Sunday, October 12, 2014

 

Kansas Supreme Court temporarily blocks gay marriages

The legal battle over gay rights in Kansas reached the state's highest court and the federal courts on Friday hours after two women were married outside a county courthouse.

The Kansas Supreme Court on Friday blocked temporarily the issuance of marriage licenses to same-sex couples in Kansas, but said couples could file applications, and the ACLU of Kansas filed a lawsuit challenging the state's ban on gay marriage.

"I shouldn't have to leave my state to get a basic civil right," one of the plaintiffs in the ACLU lawsuit, Kerry Wilks, had told Reuters on Tuesday. "This is part of a larger issue - it's about basic equality for gays and lesbians."

The Kansas Supreme Court set oral arguments for Nov. 6 and asked attorneys in part to address whether a judge in Johnson County, the state's most populous, was correct in ordering clerks to issue marriage licenses to same-sex couples.

The judge issued his order Wednesday based on a U.S. Supreme Court decision not to review a U.S. appeals court ruling that struck down bans on gay marriage in other states.

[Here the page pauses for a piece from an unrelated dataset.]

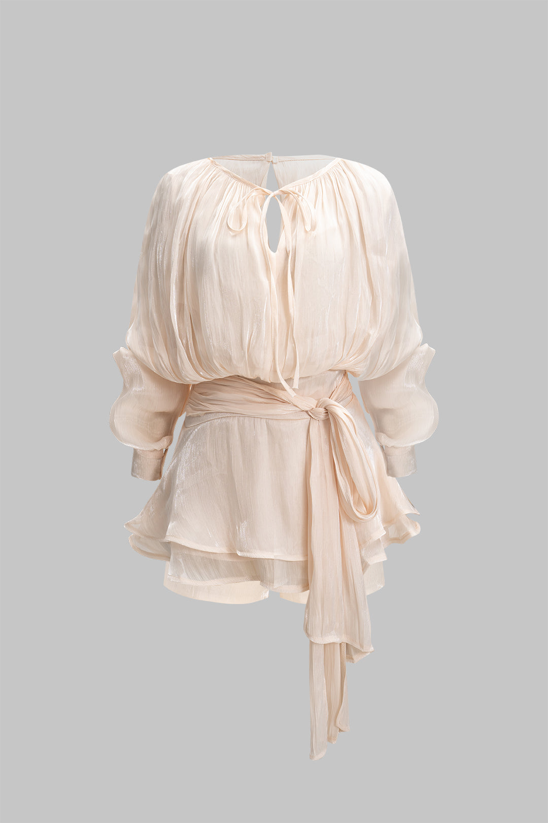 Chiffon Ruched Ruffle Long Sleeve Mini Dress

The Kansas attorney general had asked the state Supreme Court to nullify the Johnson County judge's order and to order that no other licenses be issued.

Amid the debate, two women wed Friday in front of the Johnson County courthouse, District Court Clerk Sandy McCurdy said. McCurdy did not release their names.

They were the only same-sex couple who had sought a marriage license on Tuesday, McCurdy said. They received their license on Friday following the three-day waiting period required under Kansas law, and were married quickly.

Fifty-two same-sex couples had sought marriage licenses as of Friday afternoon in Johnson County, McCurdy said.


Kansas bans same-sex marriage by state law and its state constitution, a position expected to be overturned following a U.S. Supreme Court decision on Monday.

The U.S. Supreme Court decided not to review U.S. appeals court decision striking down bans in Oklahoma and Utah, which are in the same U.S. appeals court circuit as Kansas, meaning the state is bound by that court's rulings.